Alors que le ministère de l’Intérieur et des Collectivités locales a réaffirmé, dès le début de la saison estivale 2015, l’interdiction des solariums, et malgré toute l’encre que le débat a fait couler, rien n’a pu empêcher les «seigneurs» des plages de défendre leurs «territoires».
Face à la montée ininterrompue du mercure, la nouvelle Mecque continue toujours de recevoir ses visiteurs venus de tous les coins du pays. La Méditerranée persiste à les séduire par sa fraîcheur, sa vue imprenable, scintillante, ses vagues capricieuses. Les estivants, soucieux de la fin très proche de la haute saison, se ruent sur les plages.
Un fait ordinaire en période de grandes chaleurs. Du sable fin, des galets ou des rochers ne sont que des détails pour le plaisir de la détente face à un été caniculaire. Un cadeau du ciel, mais qui cache une autre vérité. En leur qualité d’espace public, les plages ont été «privatisées» par la force. Un véritable diktat mafieux, défiant les différents responsables, qui par le passé ont annoncé haut et fort la gratuité des plages.
Et voila un autre été qui fait couler beaucoup d’encre. Malgré la fin proche de l’été, le diktat continue et ne cesse de faire parler de lui, témoignant ainsi d’une autre réalité du pays. Août : gain facile et rush d’estivants Les grandes chaleurs font que les citoyens se ruent sur les plages pour un peu fraîcheur.

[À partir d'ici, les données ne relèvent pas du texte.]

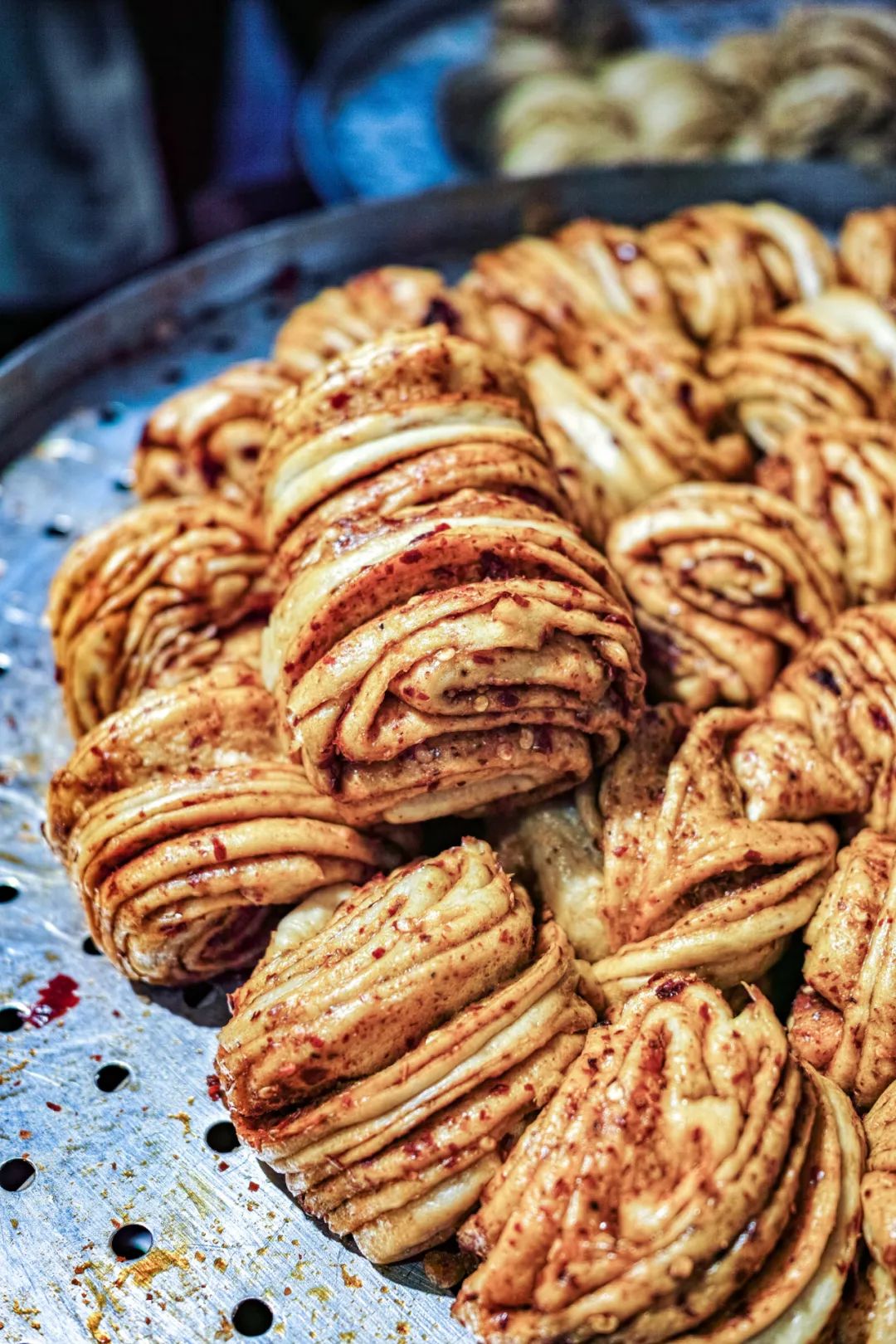 油泼辣子,是宝鸡融汇各地风味的标志:细细长长的本地秦椒碾成细面,川味的麻藏进凤县花椒,变成辣子提味的独门秘籍,配上来自广西、云南的桂皮、八角和西安常用的芝麻。诸多调料,使得油泼辣子不再激情火辣,而是韵味悠长。

En effet, tout le monde vise un seul panneau d’indication, celui des plages. Août, mois des congés, coïncide avec la période des grandes vacances scolaires et enregistre ainsi un record en matière d’affluence. Une aubaine pour les écoliers, vu que quelques jours seulement les séparent de la reprise des cours. Entre canicule et temps libre, une virée pour s’allonger sur le sable doré. Les vacanciers ne sont jamais déçus.
Les nuages sont en cette période en abandon de poste, quant au soleil il ne rate jamais l’occasion de se présenter chaleureusement, marquant un ciel dégagé aux visiteurs. Une chance aux fans du bronzage de profiter d’une séance pour brunir à l’état naturel. Migrants ou riverains, tous apprécient cette période pour passer des journées de détente et de répit en ces moments de chaleur.
Les plages les plus réputées d’Alger n’ont jamais vu autant de monde. Le tourisme local, en constante augmentation, donne une raison supplémentaire à certaines pratiques malhonnêtes de faire un gain facile par la location illégale des solariums aux estivants. Ces derniers ouvrent leurs portefeuilles aux «propriétaires autoproclamés » face à la menace de l’exclusion de leur «territoire» par la force. L’officiel versus le diktat bandit La situation aujourd’hui parle d’elle-même, lorsqu’une décision officielle est formulée, sa réalité ne se reflète pas sur le terrain. Le cas des plages, un infime exemple parmi d’autres.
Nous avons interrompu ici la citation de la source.